### PROVIDED RECORDS ###
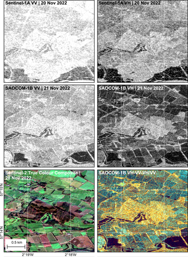 In terms of initial impressions, we deem the L-band imaging capabilities of SAOCOM-1A and SAOCOM-1B to be excellent. Consistent with SAR theory [3], this is especially true over heavily vegetated (woodland and hedged) regions viewed in cross-polarisation (HV, VH) mode (Figure 2), and across inundated regions where backscatter returns tend to be low due to specular reflection over standing water. Together, these findings are encouraging for the tree height-, flood detection- and other ROSE-L-enabled applications to be developed as part of the SUP1 RAVE project.
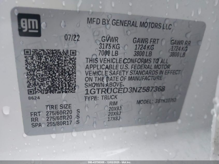 2022 GMC SIERRA 1500 2022 року Бензин, 5.3, Полный привод, vin - 1GTRUCED3NZ587368 из США
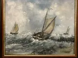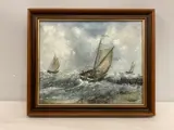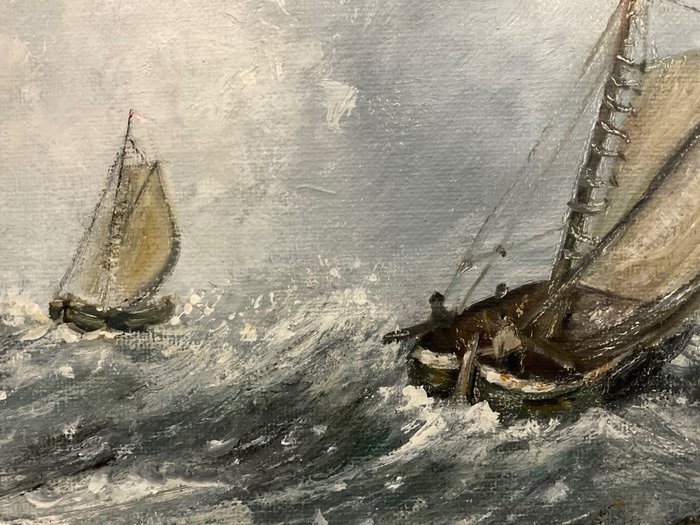 Aangeboden: mooi olieverfschilderij op doek van J. Zwaan; Zeilboten op de golven.
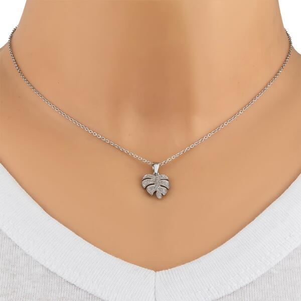 A 925 ezüstből készült nyaklánc kis ovális láncszemekből áll, amelyek egymáshoz kapcsolódnak. A medál "Monstera" levél formájú, kerek átlátszó cirkóniákkal díszítve. A medál egy hosszúkás láncra kerülő szemmel rendelkezik amely felfelé kiszélesedik. A rögzítés rugós gyűrűzárral történik. A nyaklánc platina bevonattal rendelkezik. A medál méretei: 11 x 15 m
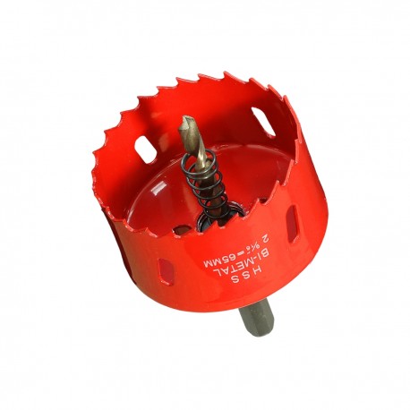 Cette scie cloche de 65mm est équipée d'un foret de centrage muni d'un ressort d'évacuation qui éjectera automatiquement la pièce découpée.
###
▶ **TASK TO CARRY OUT**:
What you return should be the entries from above, unchanged and without their images.

▶ **EXPECTED OUTPUT**:
 In terms of initial impressions, we deem the L-band imaging capabilities of SAOCOM-1A and SAOCOM-1B to be excellent. Consistent with SAR theory [3], this is especially true over heavily vegetated (woodland and hedged) regions viewed in cross-polarisation (HV, VH) mode (Figure 2), and across inundated regions where backscatter returns tend to be low due to specular reflection over standing water. Together, these findings are encouraging for the tree height-, flood detection- and other ROSE-L-enabled applications to be developed as part of the SUP1 RAVE project.
 2022 GMC SIERRA 1500 2022 року Бензин, 5.3, Полный привод, vin - 1GTRUCED3NZ587368 из США
 Aangeboden: mooi olieverfschilderij op doek van J. Zwaan; Zeilboten op de golven.
 A 925 ezüstből készült nyaklánc kis ovális láncszemekből áll, amelyek egymáshoz kapcsolódnak. A medál "Monstera" levél formájú, kerek átlátszó cirkóniákkal díszítve. A medál egy hosszúkás láncra kerülő szemmel rendelkezik amely felfelé kiszélesedik. A rögzítés rugós gyűrűzárral történik. A nyaklánc platina bevonattal rendelkezik. A medál méretei: 11 x 15 m
 Cette scie cloche de 65mm est équipée d'un foret de centrage muni d'un ressort d'évacuation qui éjectera automatiquement la pièce découpée.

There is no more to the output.